From this experience, we realized we needed a fast, repeatable way to measure accuracy across customers, products, and model versions. Off-the-shelf “eval” tools alone don’t fit our data model or workflows, and most teams we spoke with had rolled their own. So we built BOLT (which stands for Benchmarking Outputs for LLM Testing, and pays homage to our longstanding sales tradition of playing Thunderstruck before every sales call). Since rolling out BOLT, we’ve been able to quickly and confidently improve accuracy and save costs.
Why Evals
While AI is progressing rapidly, the teams that win will be the ones that are able to quickly and safely stay on the cutting edge of progress. Great eval tools make this possible. Here’s what we needed BOLT to enable:
Model Upgrades: When a new model comes out, test that model across hundreds of use cases, understand if the new model does better or worse, and make confident migration decisions.
Customer fine-tuning: When a new customer is launched, run 10-20 test cases through Mura to make sure that the outputs look good, and re-run if we need to make custom prompt changes for that customer.

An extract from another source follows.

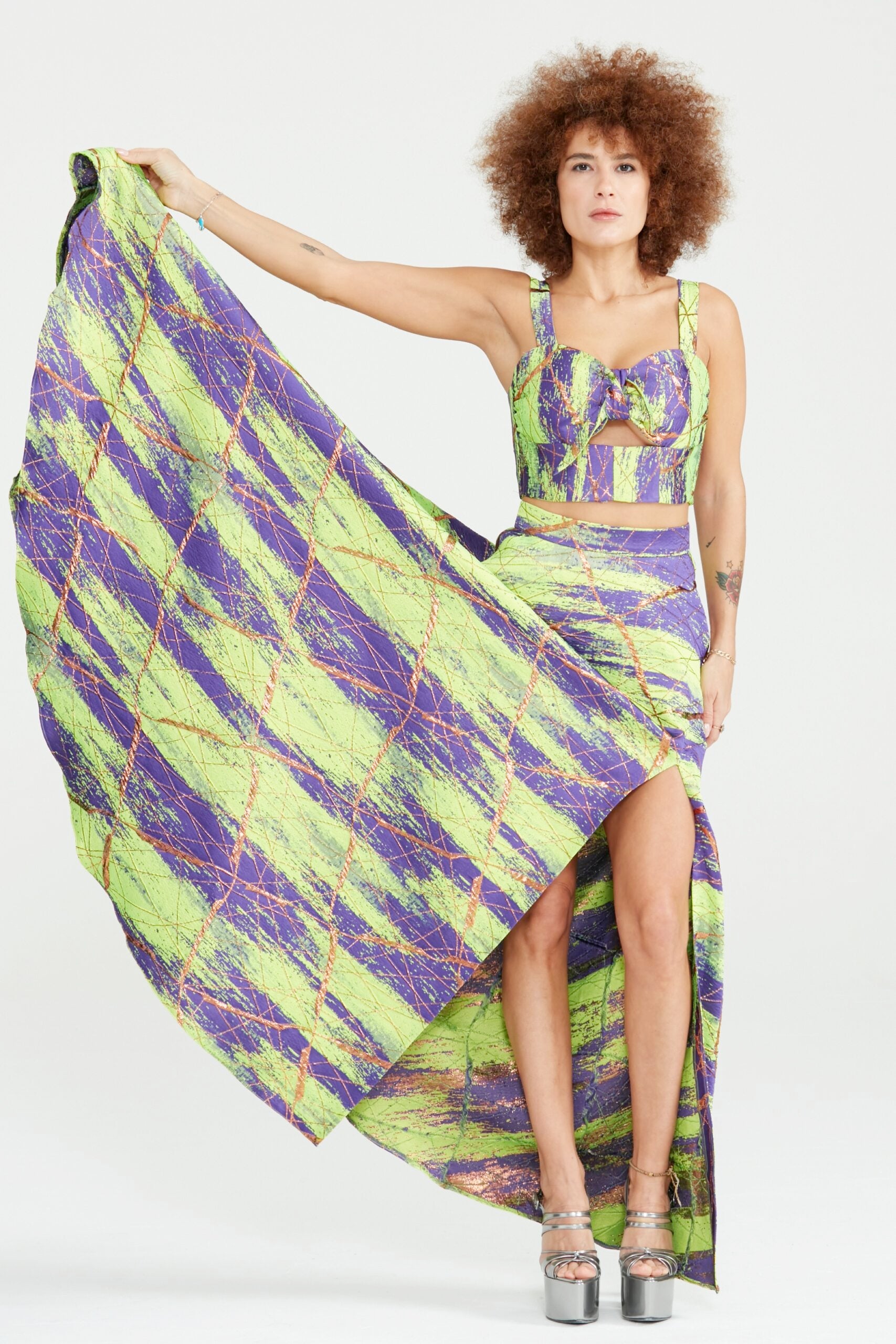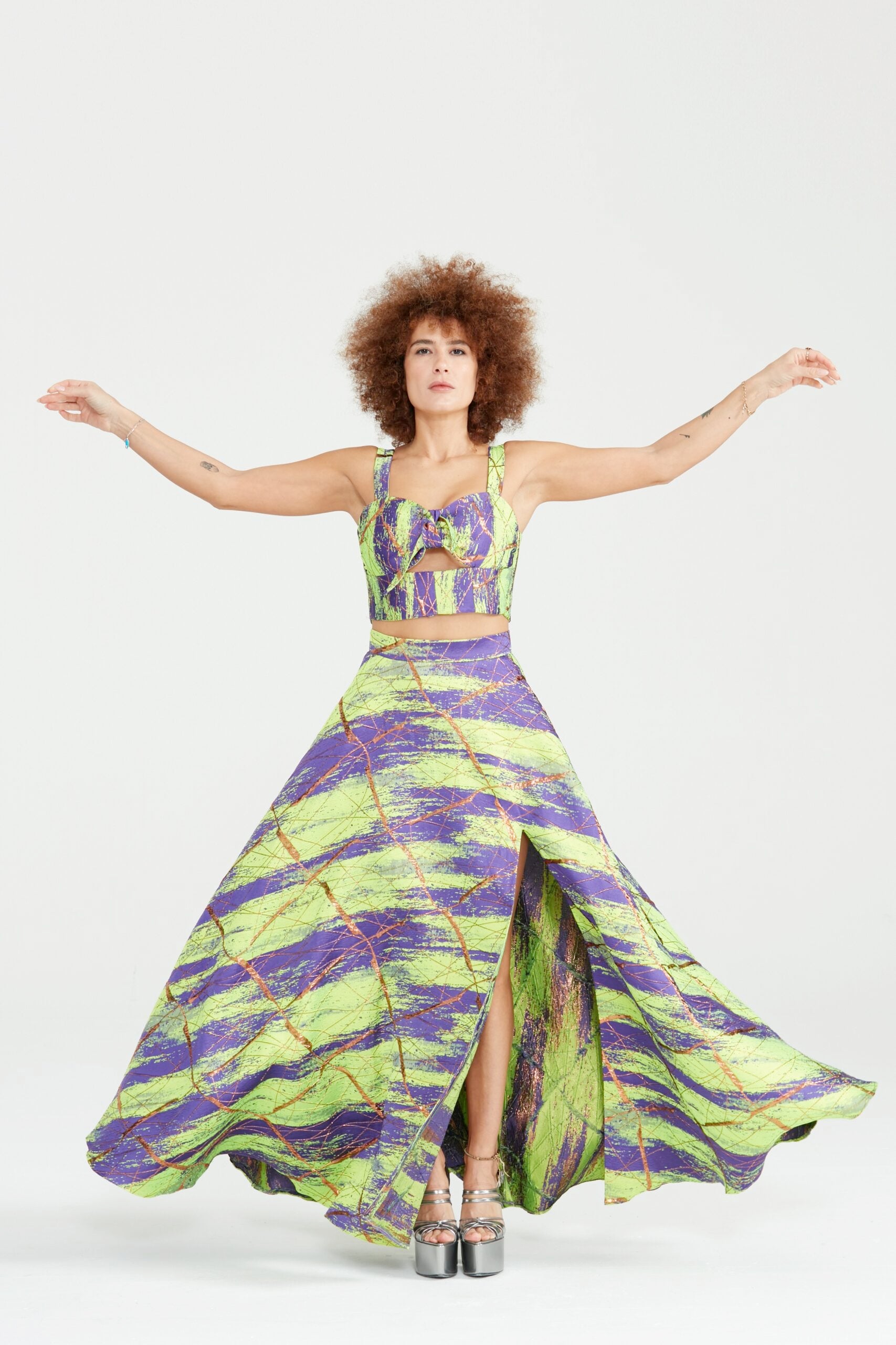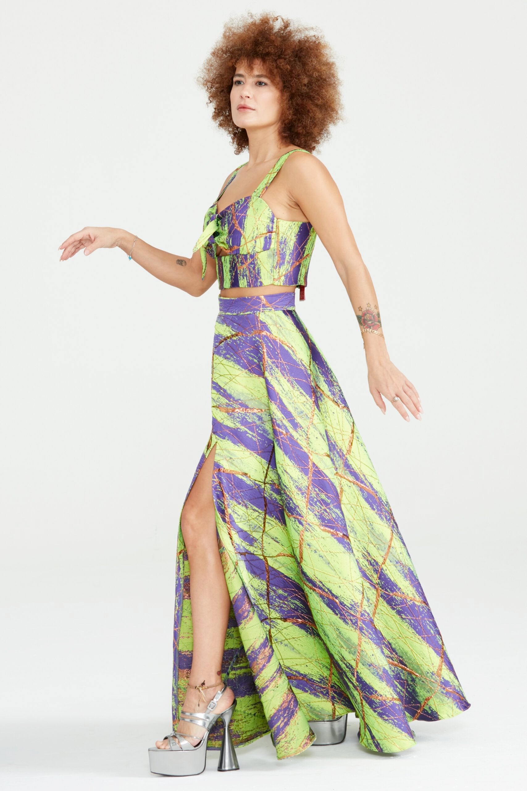 Shine Yarım Daire Yırtmaçlı Etek – Mor/Yeşil

System Rearchitectures: We expect our systems to evolve from “Constrained Agents” (deterministic code calling LLMs) to “Flexible Agents” (agents given tools and context to solve problems themselves) (h/t Rahul Sengottuvelu). BOLT needs to be resilient to fundamental changes in how our systems operate.
Core Requirements
Given these goals, unit tests for prompts wouldn’t cut it. They’re valuable, but we’re constantly evolving how prompts work together as models improve. We needed to test at a higher abstraction level - evaluating end-to-end processing outputs on a field-by-field basis.
For some context on requirements, let me introduce some basic concepts in Mura’s data model:
Entity Types - The types of workflows we automate (Work Orders, Purchase Orders, Invoice Reviews)
Entity - Specific instances of an entity type - a particular work order or invoice that we generated values for. Each test case tests a complete entity.
Entity Field - Individual items we suggest values for, with metadata about field type (number, string, etc.) and name. In our UI screenshot above: summary, first SKU ID, second SKU ID - each is an entity field.
There are 3 core capabilities that we need:
Add a test case to our test set: Automatically pull metadata (entity type, customer, system of record) to enable targeted testing.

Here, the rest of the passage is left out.